Thomas David - 112 -


Résumé et mots clés
Dans ce mémoire, nous évoquons le déplacement du signifiant phallique dans une structure
de fiction, c'est-à-dire dans le cadre thérapeutique proposé par le stagiaire psychologue. Dans un
premier temps, nous faisons état du diagnostic de névrose hystérique pour cette patiente, puis nous
observons où se cristallise la problématique hystérique, ainsi que les processus identificatoires en
lien avec le signifiant phallique : identification narcissique à la mère, identification par procuration
aux hommes. Le désir de refaire Un avec la mère, forcément impossible pour le sujet névrosé
(divisé), provoque autant d’insatisfaction que d’angoisse, car c’est la vision du corps réel de la mère
(sans signifiant) qui pose énigme à l’hystérique. Nous pouvons dire d’une manière globale que le
sujet hystérique est « trop » divisé : suspendue au clivage existant entre les zones génitales et non-
génitales, entre le désir et la demande, entre la volonté et le désir, entre son désir de guérir et ses
résistances à la thérapie. Notre patiente avance donc le transfert en maintenant fermement la
dimension du semblant, du voile, sur le phallus qu’elle prend, si l’on peut dire, à la lettre : tel un
reste de jouissance à laquelle on ne peut renoncer.
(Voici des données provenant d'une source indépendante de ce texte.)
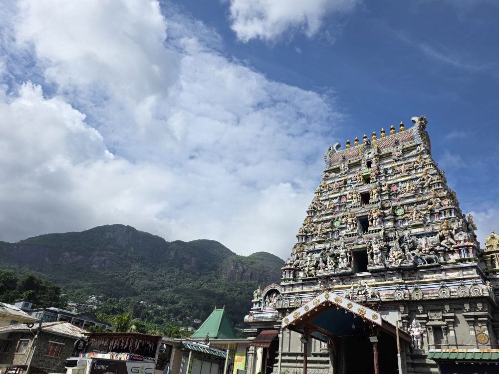 After that, it’s the central market – lots of produce, lots of spices, pricey as is everything here in the Seychelles. Then it is over to the Navashakti Vinayakar Temple for some great shots of the temple and the mountains beyond. And….our touring is complete.

Ce non-dit, ce vouloir dans ce qui ne serait être
que du semblant inspire chez la patiente l’écriture d’une lettre et son déplacement dans le transfert,
dont le trajet vient marquer d’impuissance ceux qui se croient en être possesseur quand elle est prise
au pied de la lettre.

In this dissertation, we refer to the displacement of the phallic signifier into a fiction
structure that is to say into the psychotherapeutic framework offered by psychologist student. At
first, we mention the diagnosis of hysterical neurosis for this patient, and then we notice where
crystallize the hysterical problems, as well as identification processes to link with phallic signifier:
narcissistic identification to the mother, identification by proxy to the men. The wish to do again
One with the mother, out of necessity impossible for (divided) neurotic subject, causes so much
discontent as anxiety, because that is the vision of the real body of the mother (while meaning)
which puts down mystery in the hysterical. We can say in a total way that hysterical subject is "too
much " divided : stroked by in the splitting existing between the genital and non-genital zones,
between wish and demand, between will and wish, between her wish to recover and her resistance
to therapy. Our patient moves forward the transference therefore in now firmly the dimension of
semblance, veiled, on the phallus which she takes, so to speak, to the letter: such a rest of
jouissance which we can’t to give up. This unvoiced feeling, this will in what would be that
semblance determines inspire to this patient the writing of a letter and its displacement in the
transference, with that itinerary comes to mark of powerlessness those which thinks to be owner
when it is literally taken, to the letter.

Mot clés: hystérie, signifiant phallique, métaphore, métonymie, demande, semblant,


transfert, désir, résistance, jouissance, castration, Spaltung, répétition, frigidité, la lettre.